▶ **Data**
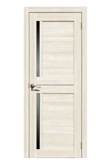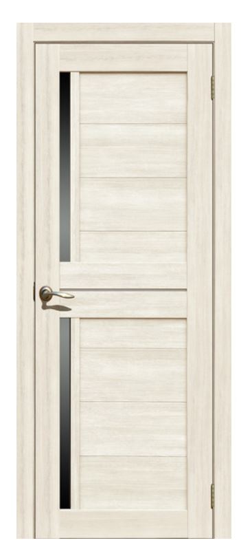 коллекция La Stella.царговая конструкция отличается высокой прочностью и многовариантностью отделки. МДФ наполнение двери обладает достаточно высокой жесткостью и хорошей тепло- и звукоизоляцией. Покрытие двери - Экошпон - защищает ее от высокой влажности и любых механических повреждений Светлое дверное полотно с чёрным стеклом, размер 700 мм, подходит для дома и офиса, прочное, эстетичное и универсальное для разных интерьеров.
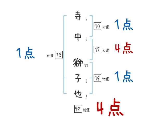 天運![]() | 寺中獅子也さんの天運は10画の1つ星!不安を感じやすい傾向。ストレスを抱えないように注意しましょう。 家系が持つ宿命的な運勢を表します。祖先から受け継いだ苗字ですので自分の力が及びません。家柄を象徴します。 |
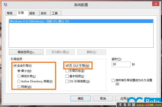 勾选【安全引导】→【最小】
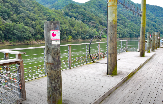 향수호수길이라는 독특한 이름은 옥천이 고향인 정지용의 시 ‘향수’와 ‘호수’의 제목에서 따왔다. 정지용의 시처럼 아름답고 향토적인 이름이다. 향수호수길은 주차장이 따로 없기 때문에 선사공원 주차장을 이용해야 한다. 선사공원 주차장에 주차를 하고 건너편으로 건너가면 붉은색 아스팔트 바닥에 향수호수길이라고 크게 적힌 글자가 보인다.
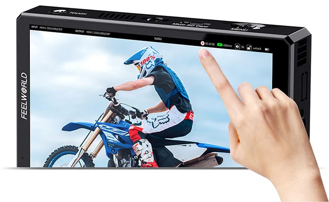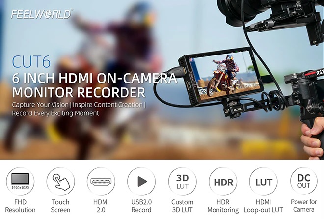 FeelWorld CUT6 6" 4K HDMI Touchscreen Recorder/Monitor để xem và ghi lại video HDMI lên đến 1080p30 với LUT được áp dụng. CUT6 có thể cấp nguồn cho một số máy quay thông qua đầu ra barrel 8.4V. CUT6 có màn hình cảm ứng 6" 1920 x 1080, một đầu vào HDMI 2.0 và một đầu ra vòng lặp HDMI 1.4 hỗ trợ video có độ phân giải lên đến 1080p60. Giắc cắm tai nghe 3.5mm cũng được cung cấp để theo dõi âm thanh trên phim trường.
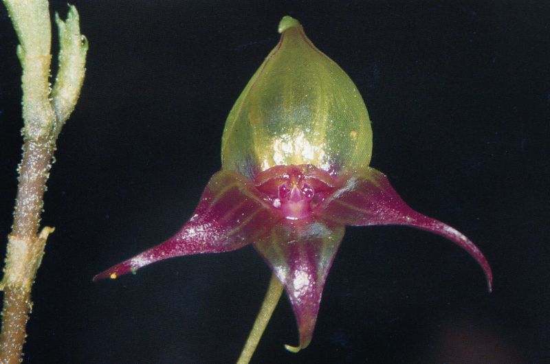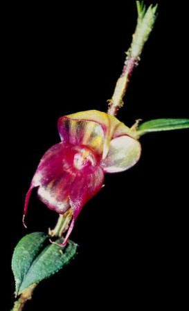 Found in southern Ecuador and northern Peru in scrub cloud forests at elevations around 2400 to 3000 meters as a small sized, cold growing epiphyte with a stout, occasionally branching rhizome enveloped by 3, scurfy, more or less shaggy, tubular sheaths and giving rise to suberect ramicauls enveloped by 2, slightly scurfy tubular sheaths and carrying a single, apical, erect, coriaceous, 7 to 13 veined, elliptical, acute, cuneate below into the petiolate base leaf that blooms in the summer to early fall on a slender, erect, 1.4 to 1.6" [ 3.5 to 4 cm] long, single flowered inflorescence arising from near the apex of the ramicaul, with a loose bract near the middle and another at the base and an inflated, mucronate floral bract
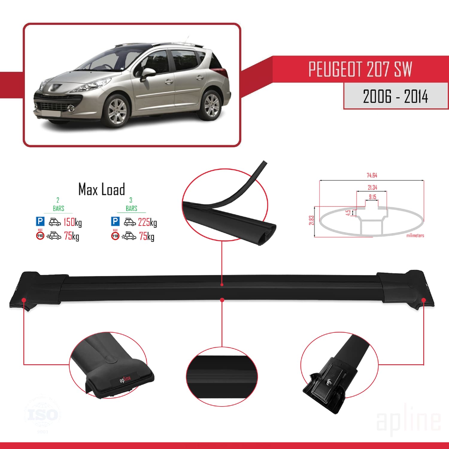Compatible avec Peugeot 207 Break 2006-2014 FLY Model Barres de Toit Railing Porte-Bagages de Voiture Noir Aluminium 2 Barres
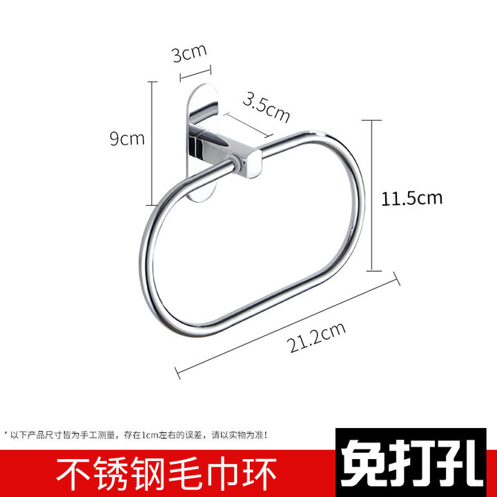 Stainless steel towel ring non-punching toilet bathroom bathroom hardware pendant round hand towel hanging ring towel rack

▶ **Problem to solve**
With the pictures removed from your copy, retype the lines above from the one that contains "trên phim trường." through the one that contains "Found in southern", exactly.

▶ **Task solution**
 FeelWorld CUT6 6" 4K HDMI Touchscreen Recorder/Monitor để xem và ghi lại video HDMI lên đến 1080p30 với LUT được áp dụng. CUT6 có thể cấp nguồn cho một số máy quay thông qua đầu ra barrel 8.4V. CUT6 có màn hình cảm ứng 6" 1920 x 1080, một đầu vào HDMI 2.0 và một đầu ra vòng lặp HDMI 1.4 hỗ trợ video có độ phân giải lên đến 1080p60. Giắc cắm tai nghe 3.5mm cũng được cung cấp để theo dõi âm thanh trên phim trường.
 Found in southern Ecuador and northern Peru in scrub cloud forests at elevations around 2400 to 3000 meters as a small sized, cold growing epiphyte with a stout, occasionally branching rhizome enveloped by 3, scurfy, more or less shaggy, tubular sheaths and giving rise to suberect ramicauls enveloped by 2, slightly scurfy tubular sheaths and carrying a single, apical, erect, coriaceous, 7 to 13 veined, elliptical, acute, cuneate below into the petiolate base leaf that blooms in the summer to early fall on a slender, erect, 1.4 to 1.6" [ 3.5 to 4 cm] long, single flowered inflorescence arising from near the apex of the ramicaul, with a loose bract near the middle and another at the base and an inflated, mucronate floral bract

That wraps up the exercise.